*Your objective*
Beginning at the line containing "XXIII — Ремесленник", give again every line through the end of the data, unchanged and with both ends included. Drop any pictures.

*Information shown*

*** Block opens ***

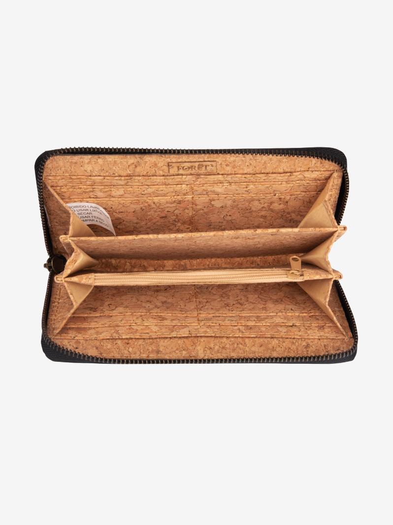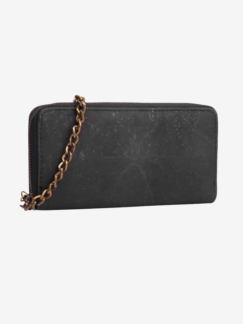 The Midnight Tide: Women’s Cork Wallet is designed to be both practical and visually striking. Its deep black colour reflects the depths of the ocean, evoking a sense of intrigue and allure. The smooth texture of the cork adds a touch of luxury to the wallet, elevating its overall appeal. To complete the look, the wallet features a sleek bronze chain accent adding a touch of elegance, sophistication and uniqueness to its design. The chain detail is carefully placed as the wrist strap attachment, creating a subtle yet eye-catching embellishment.
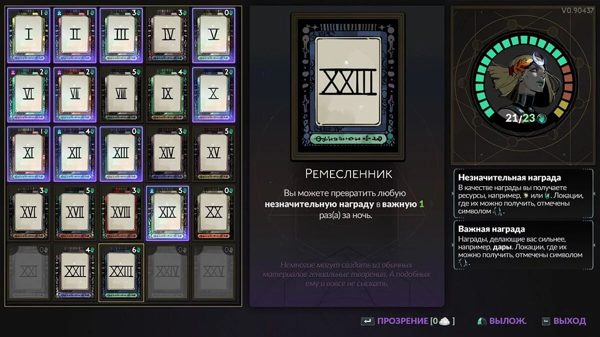 XXIII — Ремесленник (The Artificer). Вы можете превратить любую незначительную награду в важную 1 раз за ночь.
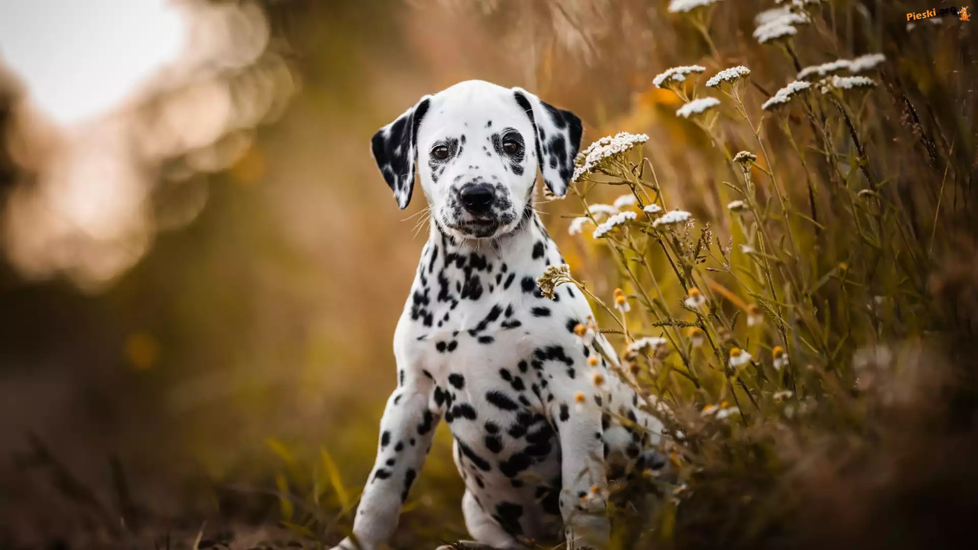 Kwiaty, Dalmatyńczyk, Szczeniak, Pies

*** Block closes ***

*Exercise output*
 XXIII — Ремесленник (The Artificer). Вы можете превратить любую незначительную награду в важную 1 раз за ночь.
 Kwiaty, Dalmatyńczyk, Szczeniak, Pies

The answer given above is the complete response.